Material shown:
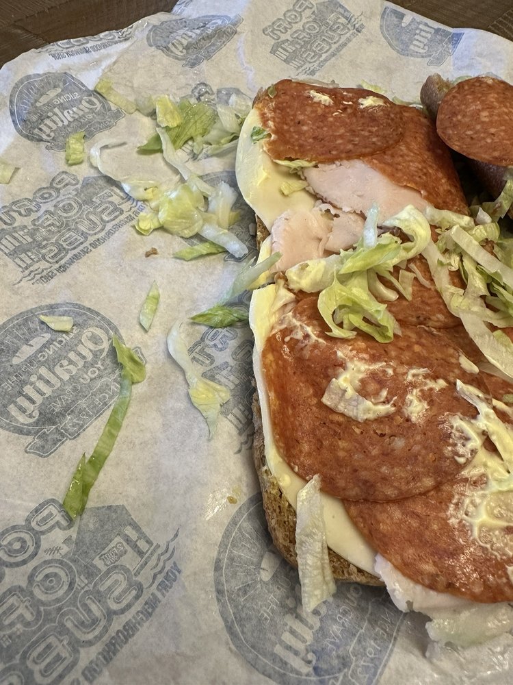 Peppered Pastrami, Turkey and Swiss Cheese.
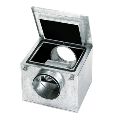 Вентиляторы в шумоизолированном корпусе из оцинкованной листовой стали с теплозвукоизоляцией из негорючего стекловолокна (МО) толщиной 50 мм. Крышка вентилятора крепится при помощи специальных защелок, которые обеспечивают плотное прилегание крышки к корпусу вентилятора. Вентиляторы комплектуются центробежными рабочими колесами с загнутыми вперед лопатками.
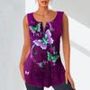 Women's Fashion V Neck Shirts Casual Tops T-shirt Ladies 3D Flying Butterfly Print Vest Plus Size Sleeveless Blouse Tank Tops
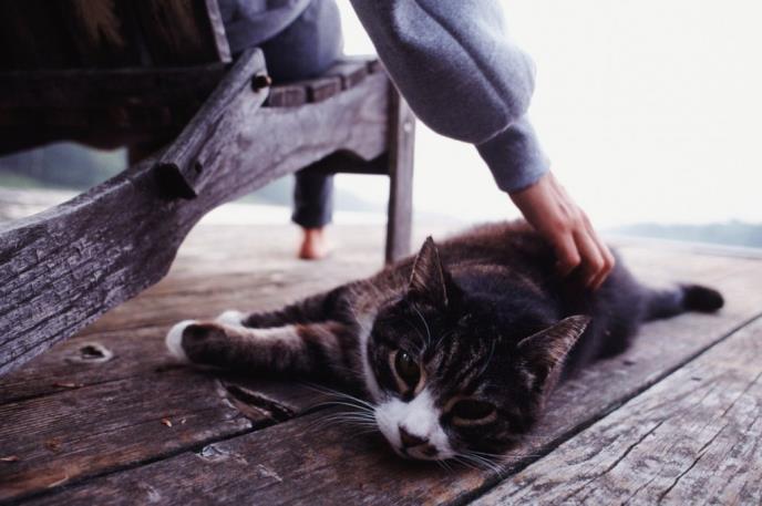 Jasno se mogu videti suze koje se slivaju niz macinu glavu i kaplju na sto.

==

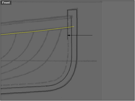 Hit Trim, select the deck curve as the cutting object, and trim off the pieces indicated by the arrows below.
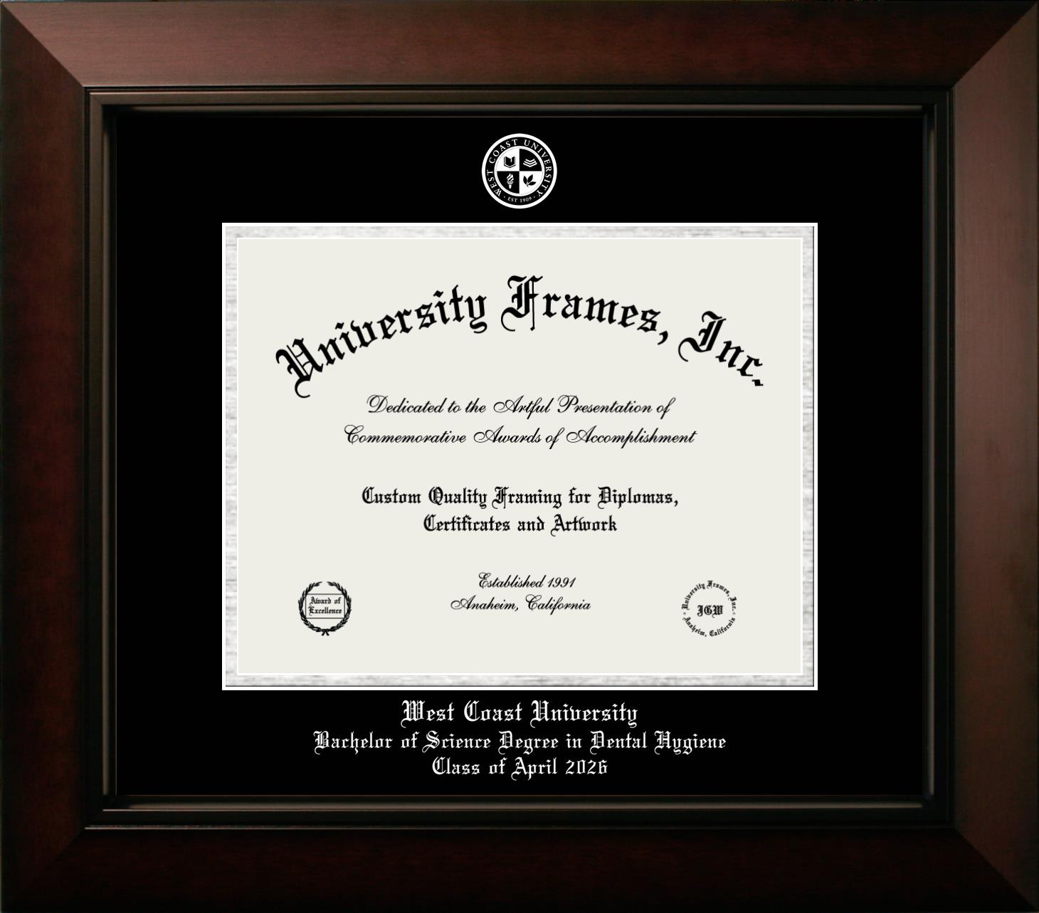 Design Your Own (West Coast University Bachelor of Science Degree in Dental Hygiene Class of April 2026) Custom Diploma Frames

Task prompt: In the data above, take the line with "Peppered Pastrami, Turkey and Swiss Cheese.", the line with "Вентиляторы в шумоизолированном", and every line between, and set them down exactly without pictures.

Task answer:
 Peppered Pastrami, Turkey and Swiss Cheese.
 Вентиляторы в шумоизолированном корпусе из оцинкованной листовой стали с теплозвукоизоляцией из негорючего стекловолокна (МО) толщиной 50 мм. Крышка вентилятора крепится при помощи специальных защелок, которые обеспечивают плотное прилегание крышки к корпусу вентилятора. Вентиляторы комплектуются центробежными рабочими колесами с загнутыми вперед лопатками.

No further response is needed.